_WHAT TO DO:_ Every record below is to be restated word for word, and no picture is to be copied.
***** RECORDS SUPPLIED
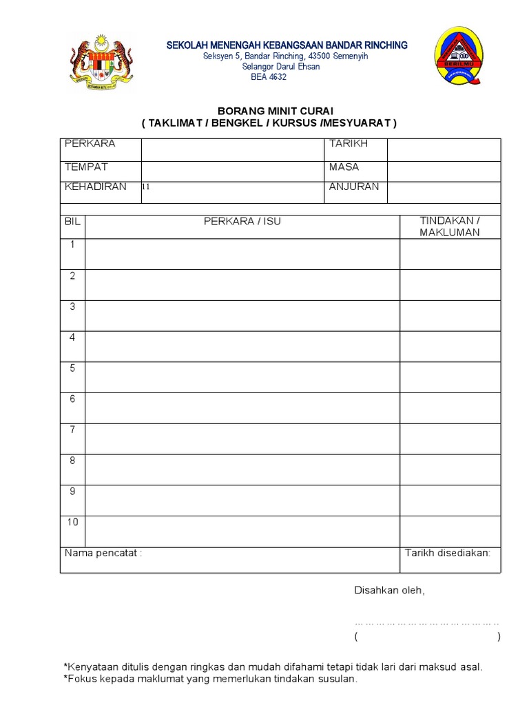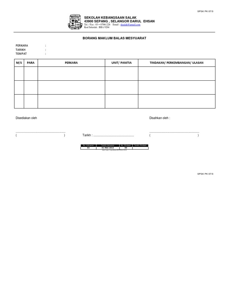 Borang pk 07 3 contoh format minit mesyuarat. Borang pk 07 4 rekod edaran Mohd Zaizo Izani. Contoh notis mesyuarat spsk sekolah menengah kebangsaan subang.
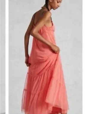 Maeve Anthropologie Coral tulle Maxi Dress with Spaghetti Straps Small
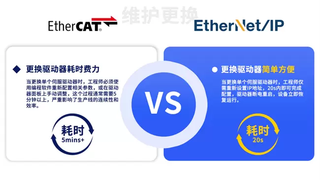 在维护更换方面,EtherCAT协议的局限性更加明显,尤其是在复杂轴应用情况下。当需要更换单个伺服驱动器时,工程师必须使用编程软件重新配置相关参数,或在驱动器面板上手动调整,这个过程通常需要5分钟以上,严重影响了生产线的连续性和效率。
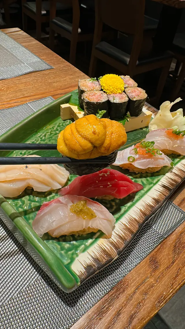 壽司拼盤賣相十足!內有:赤身、深海池魚、真鯛、帆立貝、金日鯛、日本海膽、拖羅蓉小卷。全部都好新鮮無腥味,當中有平時比較少食到嘅魚類,配搭都幾特別,要讚帆立貝同日本海膽,前者鮮甜、後者份量超多!有成3層!滿口海膽勁滋味!
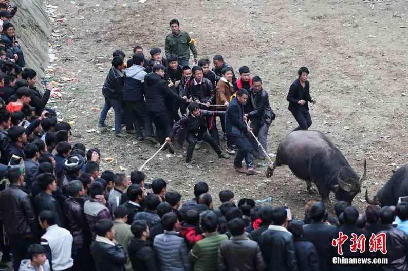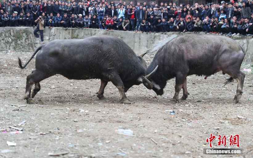 2月23日,鄉(xiāng)村斗牛比賽中。當(dāng)日,貴州省榕江縣三江鄉(xiāng)腳車村舉行民間斗牛活動(dòng),吸引了周邊村寨民眾及游客前來(lái)觀看,場(chǎng)面壯觀。中新社記者 賀俊怡 攝
**********
_RESULT FOR THIS EXERCISE:_
 Borang pk 07 3 contoh format minit mesyuarat. Borang pk 07 4 rekod edaran Mohd Zaizo Izani. Contoh notis mesyuarat spsk sekolah menengah kebangsaan subang.
 Maeve Anthropologie Coral tulle Maxi Dress with Spaghetti Straps Small
 在维护更换方面,EtherCAT协议的局限性更加明显,尤其是在复杂轴应用情况下。当需要更换单个伺服驱动器时,工程师必须使用编程软件重新配置相关参数,或在驱动器面板上手动调整,这个过程通常需要5分钟以上,严重影响了生产线的连续性和效率。
 壽司拼盤賣相十足!內有:赤身、深海池魚、真鯛、帆立貝、金日鯛、日本海膽、拖羅蓉小卷。全部都好新鮮無腥味,當中有平時比較少食到嘅魚類,配搭都幾特別,要讚帆立貝同日本海膽,前者鮮甜、後者份量超多!有成3層!滿口海膽勁滋味!
 2月23日,鄉(xiāng)村斗牛比賽中。當(dāng)日,貴州省榕江縣三江鄉(xiāng)腳車村舉行民間斗牛活動(dòng),吸引了周邊村寨民眾及游客前來(lái)觀看,場(chǎng)面壯觀。中新社記者 賀俊怡 攝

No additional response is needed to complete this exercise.